Его длинная фигура юрко ввинтилась в толпу, как удав рассекая надвое стаю пушистых трепетных кроликов, загипнозенных речью, обещавшей им райскую жизнь. Поверх всех остальных разноцветнопокрытых голов – всё дальше, призрачней – мелькала его чёрноседая макушка с маленькой плешью. И в том месте, где он только что появлялся, тут же визг становился задорней, смешливей – как будто именно дьякона там не хватало, словно бабы соскучились по тяжёлой руке да крепким объятиям.

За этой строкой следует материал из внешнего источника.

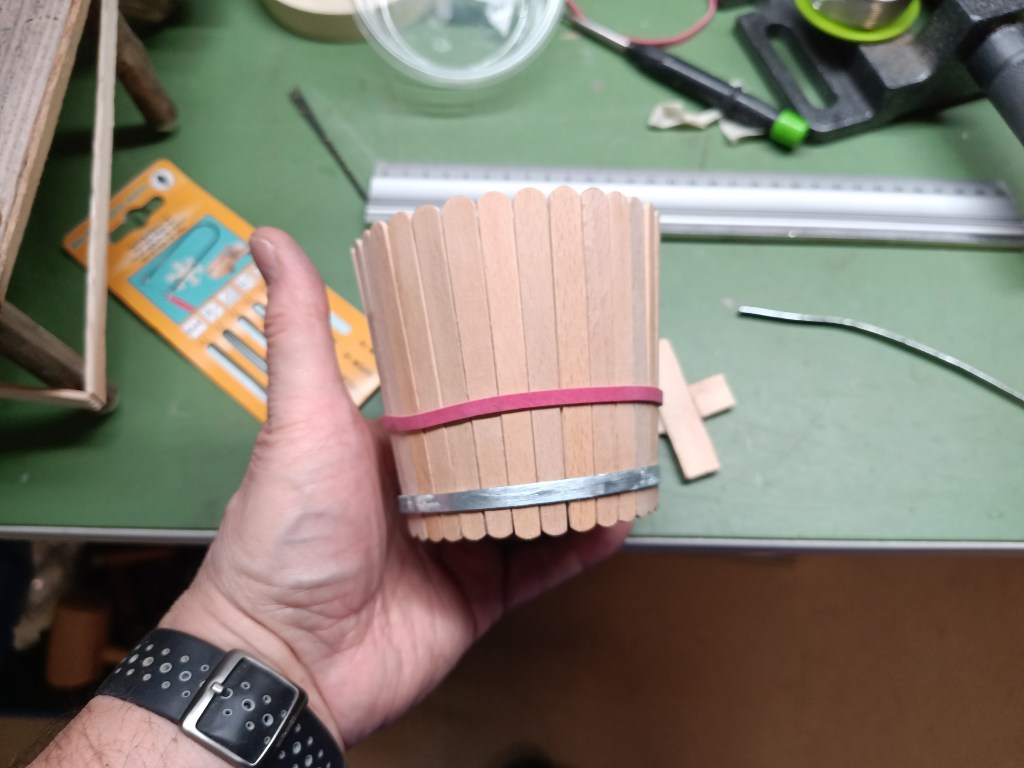 Um für die finale Montage alles zu verbinden, wurden die Hölzchen mit Krepppapier auf der Innenseite verbunden. Oben und unten wurde Holzleim, mit einem Holzstück, in den Fugen verteilt. Die Kanten hatte ich dazu vorher noch angefast. Der dann folgende Aufbau war eine kleine Herausforderung. Den unteren Ring und den Boden ausrichten. Dann das Gebilde langsam rollen und gleichzeitig aufrichten. Über den Boden stülpen, irgendwie aufrecht halten und den Ring hochziehen, bis sich die untere Rundung entwickelt. Vier Hände wären perfekt gewesen, aber mit etwas Fluchen und einem Stoßgebet entstand letztendlich die Kontur.

Охальник, конешно: но дьякон своё дело знал. Он уже добрался до очага затевающегося пожара, и видимо пытался погасить костёр из лёгкого маленького огнетушителя – с помощью своих грубоватых мужицких шуток да прибауток. Кое-кто из окружавших баб засмеялся, хохотнул, и даже всхлипнули беззубыми смешинками две особо любопытные старушонки; но тут одна из самых драчливых отвесила ему в запале своей злости ну ооооо-чень звонкую затрещину.
Нельзя было этого делать. Дьякон ведь отчаянно спокойный мужик, потому что сильный и добрый. Он никогда не ввяжется за себя в драку, боясь хорошего человека обидеть: и даже если тот сам его бьёт, если не за дело а попусту, то ведь не значит что человек этот плох – может просто вожжа попала под хвост, или другие важные неурядицы.

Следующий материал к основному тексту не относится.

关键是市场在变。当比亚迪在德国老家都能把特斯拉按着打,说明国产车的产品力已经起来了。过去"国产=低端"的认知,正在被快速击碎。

Но не дай бог, коли кто при нём оскорбит беззащитную душу, а тем боле великое и святое место – родную церковь. Что для иного зовётся безразмерным, а потому неконкретным словом – отечество – то для дьякона есть – храм. Хоть маленький, и невидимый на государственной карте, да зато свой как душа. И крест над главою словно сердце её.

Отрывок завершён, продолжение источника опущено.